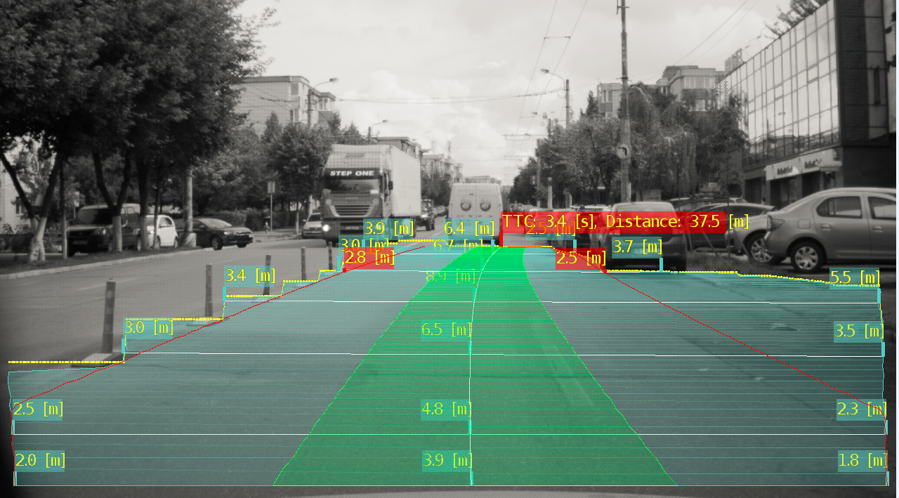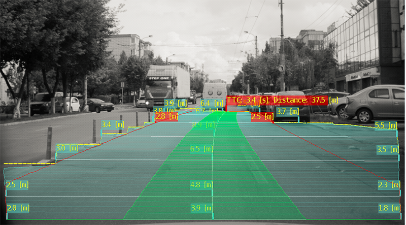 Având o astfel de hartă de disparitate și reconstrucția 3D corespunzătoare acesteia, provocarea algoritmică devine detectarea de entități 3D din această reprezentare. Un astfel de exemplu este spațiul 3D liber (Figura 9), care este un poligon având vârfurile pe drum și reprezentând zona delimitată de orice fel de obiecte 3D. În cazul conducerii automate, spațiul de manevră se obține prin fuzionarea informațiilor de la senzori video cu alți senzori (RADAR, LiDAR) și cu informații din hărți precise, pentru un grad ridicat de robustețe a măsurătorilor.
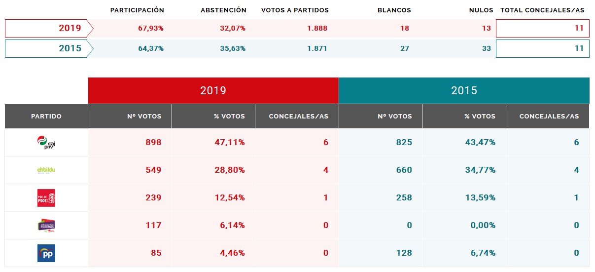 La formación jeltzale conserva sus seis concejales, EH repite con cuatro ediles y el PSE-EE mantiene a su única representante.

- - - - - - -

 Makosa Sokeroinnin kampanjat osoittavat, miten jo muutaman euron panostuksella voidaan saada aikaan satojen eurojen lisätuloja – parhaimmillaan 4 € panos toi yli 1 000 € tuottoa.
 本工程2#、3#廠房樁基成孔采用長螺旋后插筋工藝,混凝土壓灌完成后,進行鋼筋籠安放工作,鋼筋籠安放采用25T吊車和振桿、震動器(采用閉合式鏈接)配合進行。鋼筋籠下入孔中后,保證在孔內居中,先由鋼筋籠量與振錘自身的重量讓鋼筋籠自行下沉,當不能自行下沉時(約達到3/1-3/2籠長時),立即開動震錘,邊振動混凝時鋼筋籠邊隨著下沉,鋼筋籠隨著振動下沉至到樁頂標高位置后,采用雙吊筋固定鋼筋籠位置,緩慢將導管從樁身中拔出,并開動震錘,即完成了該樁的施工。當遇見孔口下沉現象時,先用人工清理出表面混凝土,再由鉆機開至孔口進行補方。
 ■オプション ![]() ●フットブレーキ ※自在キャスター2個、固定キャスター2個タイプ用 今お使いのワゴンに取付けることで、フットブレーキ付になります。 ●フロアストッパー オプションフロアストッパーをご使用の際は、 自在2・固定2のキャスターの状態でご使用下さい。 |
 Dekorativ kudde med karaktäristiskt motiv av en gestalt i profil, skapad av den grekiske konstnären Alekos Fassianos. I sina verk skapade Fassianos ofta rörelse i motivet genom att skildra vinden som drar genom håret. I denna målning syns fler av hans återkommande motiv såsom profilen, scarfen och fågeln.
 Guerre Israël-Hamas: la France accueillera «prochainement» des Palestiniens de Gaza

- - - - - - -

WHAT IS BEING ASKED: Please transcribe exactly the lines above from the line that has "本工程2#、3#廠房樁基成孔" up to and including the line that has "Guerre Israël-Hamas: la"; no other line belongs in the answer.

RESULT OF THE TASK:
 本工程2#、3#廠房樁基成孔采用長螺旋后插筋工藝,混凝土壓灌完成后,進行鋼筋籠安放工作,鋼筋籠安放采用25T吊車和振桿、震動器(采用閉合式鏈接)配合進行。鋼筋籠下入孔中后,保證在孔內居中,先由鋼筋籠量與振錘自身的重量讓鋼筋籠自行下沉,當不能自行下沉時(約達到3/1-3/2籠長時),立即開動震錘,邊振動混凝時鋼筋籠邊隨著下沉,鋼筋籠隨著振動下沉至到樁頂標高位置后,采用雙吊筋固定鋼筋籠位置,緩慢將導管從樁身中拔出,并開動震錘,即完成了該樁的施工。當遇見孔口下沉現象時,先用人工清理出表面混凝土,再由鉆機開至孔口進行補方。
 ■オプション ![]() ●フットブレーキ ※自在キャスター2個、固定キャスター2個タイプ用 今お使いのワゴンに取付けることで、フットブレーキ付になります。 ●フロアストッパー オプションフロアストッパーをご使用の際は、 自在2・固定2のキャスターの状態でご使用下さい。 |
 Dekorativ kudde med karaktäristiskt motiv av en gestalt i profil, skapad av den grekiske konstnären Alekos Fassianos. I sina verk skapade Fassianos ofta rörelse i motivet genom att skildra vinden som drar genom håret. I denna målning syns fler av hans återkommande motiv såsom profilen, scarfen och fågeln.
 Guerre Israël-Hamas: la France accueillera «prochainement» des Palestiniens de Gaza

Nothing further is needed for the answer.